### What the task requires
Give all of the data again exactly as written, omitting every image.
──────── Exercise data ────────
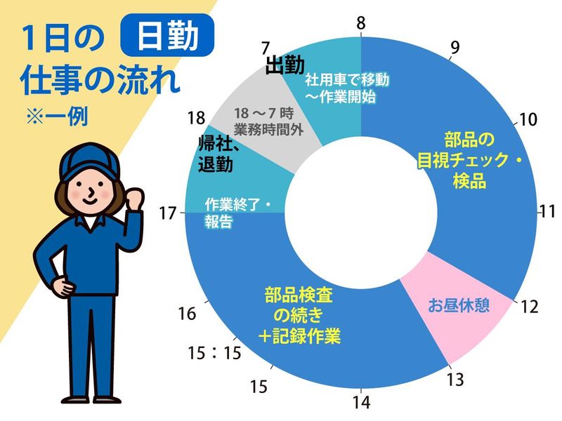 職種/仕事内容 | 仕事内容 *\*\ 積極採用&大量採用実施中 /*/* 「小さな作業」が「大きな安心」に。 ―――――この求人のPOINT――――― ・年間休日121日+有給100%推奨 ・土日休み×大型長期連休 ・未経験&無資格から始められる! ・接客なし&コツコツ黙々作業 ・面接1回のみ&入社時期もご相談OK! ―――――――――――――――――― 顧客先へ訪問し、 産業用機械に使われる 小さなネジやナットの部品を “コツコツ黙々”目視チェックする シンプルな軽作業のお仕事です。 <具体的なお仕事内容> ・小型部品のキズ・割れの確認 ・不良品と良品の仕分け ・チェック項目に沿った目視検査 ※色を目視確認する作業があります 【STEP1】 検査・検品する部品(ネジやナットなど)の 傷や割れがないかを1つずつ目視でチェック! 【STEP2】 傷がないもの(=良品)は”緑の箱”へ 傷や割れがあるもの(=不適合品)は”赤の箱”へ 【STEP3】 最終的に良品・不良品の個数を数えて 報告書に数を記入しておしまい! <1日の流れイメージ(日勤シフト)> ・7:00/営業所へ出勤!社用車で現場へ移動します。 ・8:00/顧客先へ到着したら、作業スタート! 一定数をコツコツチェック ・昼休憩(1時間) ・13:00/検査の続き+簡単な記録作業 ・17:00/片付け+業務報告をして作業終了! ・18:00/営業所へ戻り、翌日の作業内容を確認したら退勤! お疲れさまでした◎ <1日の流れイメージ(夜勤シフト)> ・19:00/営業所へ出勤!社用車で現場へ移動します。 ・20:00/顧客先へ到着したら、作業スタート! 一定数をコツコツチェック ・昼休憩(1時間) ・2:00/検査の続き+簡単な記録作業 ・5:00/片付け+業務報告をして作業終了! ・6:00/営業所へ戻り、翌日の作業内容を確認したら 退勤!お疲れさまでした◎ ※移動時間は”移動手当”が発生します <このお仕事のやりがい> ■■黙々と集中して取り組める達成感!■■ 周りと無理に会話する必要がなく、 決められた作業にコツコツ向き合えます。 目の前の部品を丁寧に確認していくほど、 自分のペースで「できること」が 増えていく手応えを感じられます。 ■■自分の作業が製品の品質を守る重要な役割に■■ あなたが不良品を見つけることで、 お客様のところに届くトラブルを防ぎます。 小さな作業が大きな安心につながるため、 裏方として会社の品質を支える責任と誇りを実感。 ■■変化が少なく安定した環境で働ける■■ 扱う部品は軽量で覚えることも明確。 同じ流れを繰り返すルーチンワークに近いので 「慣れれば慣れるほど楽になる」仕事で、 自分のペースを大切にできることもやりがいの1つです。 <作業する環境について> ・室内作業が中心で天候に左右されにくい♪ ・少人数で落ち着いた雰囲気の職場 <サポート体制もバッチリ> 入社後、まずは2日間の座学研修で 様々な検査・検品方法を勉強できます。 慣れるまではリーダークラスの 先輩社員と同行し実務を覚えます◎ サポート体制バッチリなので 製造職の未経験の方や 社会人経験がない方、浅い方でも 安心してご応募してください◎ |
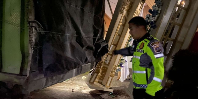 “Truk tersebut kemudian mencoba menanjak lagi, namun kembali mundur dan menabrak pelaminan rumah warga sebelah kanan,” ujar P. Finot.
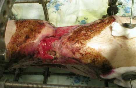 Добрый всем вечер! В продолжение темыВместо этапного эпикриза: Пациенту резецировали часть диафиза б\берцовой кости (около 5 см), лишённую мягких тканей. Сейчас всё выглядит так: < | >
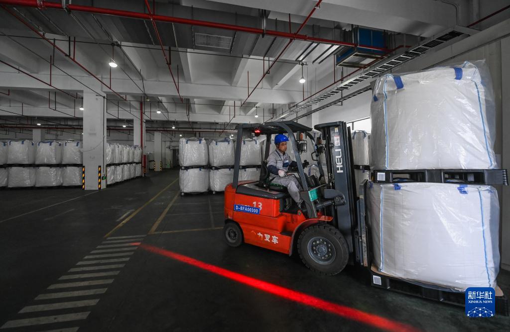在衛星化學(xué)股份有限公司高新區嘉興基地的成品倉庫備貨區,叉車(chē)司機在運輸產(chǎn)品(3月23日攝)。
────────
### Exercise answer
 職種/仕事内容 | 仕事内容 *\*\ 積極採用&大量採用実施中 /*/* 「小さな作業」が「大きな安心」に。 ―――――この求人のPOINT――――― ・年間休日121日+有給100%推奨 ・土日休み×大型長期連休 ・未経験&無資格から始められる! ・接客なし&コツコツ黙々作業 ・面接1回のみ&入社時期もご相談OK! ―――――――――――――――――― 顧客先へ訪問し、 産業用機械に使われる 小さなネジやナットの部品を “コツコツ黙々”目視チェックする シンプルな軽作業のお仕事です。 <具体的なお仕事内容> ・小型部品のキズ・割れの確認 ・不良品と良品の仕分け ・チェック項目に沿った目視検査 ※色を目視確認する作業があります 【STEP1】 検査・検品する部品(ネジやナットなど)の 傷や割れがないかを1つずつ目視でチェック! 【STEP2】 傷がないもの(=良品)は”緑の箱”へ 傷や割れがあるもの(=不適合品)は”赤の箱”へ 【STEP3】 最終的に良品・不良品の個数を数えて 報告書に数を記入しておしまい! <1日の流れイメージ(日勤シフト)> ・7:00/営業所へ出勤!社用車で現場へ移動します。 ・8:00/顧客先へ到着したら、作業スタート! 一定数をコツコツチェック ・昼休憩(1時間) ・13:00/検査の続き+簡単な記録作業 ・17:00/片付け+業務報告をして作業終了! ・18:00/営業所へ戻り、翌日の作業内容を確認したら退勤! お疲れさまでした◎ <1日の流れイメージ(夜勤シフト)> ・19:00/営業所へ出勤!社用車で現場へ移動します。 ・20:00/顧客先へ到着したら、作業スタート! 一定数をコツコツチェック ・昼休憩(1時間) ・2:00/検査の続き+簡単な記録作業 ・5:00/片付け+業務報告をして作業終了! ・6:00/営業所へ戻り、翌日の作業内容を確認したら 退勤!お疲れさまでした◎ ※移動時間は”移動手当”が発生します <このお仕事のやりがい> ■■黙々と集中して取り組める達成感!■■ 周りと無理に会話する必要がなく、 決められた作業にコツコツ向き合えます。 目の前の部品を丁寧に確認していくほど、 自分のペースで「できること」が 増えていく手応えを感じられます。 ■■自分の作業が製品の品質を守る重要な役割に■■ あなたが不良品を見つけることで、 お客様のところに届くトラブルを防ぎます。 小さな作業が大きな安心につながるため、 裏方として会社の品質を支える責任と誇りを実感。 ■■変化が少なく安定した環境で働ける■■ 扱う部品は軽量で覚えることも明確。 同じ流れを繰り返すルーチンワークに近いので 「慣れれば慣れるほど楽になる」仕事で、 自分のペースを大切にできることもやりがいの1つです。 <作業する環境について> ・室内作業が中心で天候に左右されにくい♪ ・少人数で落ち着いた雰囲気の職場 <サポート体制もバッチリ> 入社後、まずは2日間の座学研修で 様々な検査・検品方法を勉強できます。 慣れるまではリーダークラスの 先輩社員と同行し実務を覚えます◎ サポート体制バッチリなので 製造職の未経験の方や 社会人経験がない方、浅い方でも 安心してご応募してください◎ |
 “Truk tersebut kemudian mencoba menanjak lagi, namun kembali mundur dan menabrak pelaminan rumah warga sebelah kanan,” ujar P. Finot.
 Добрый всем вечер! В продолжение темыВместо этапного эпикриза: Пациенту резецировали часть диафиза б\берцовой кости (около 5 см), лишённую мягких тканей. Сейчас всё выглядит так: < | >
在衛星化學(xué)股份有限公司高新區嘉興基地的成品倉庫備貨區,叉車(chē)司機在運輸產(chǎn)品(3月23日攝)。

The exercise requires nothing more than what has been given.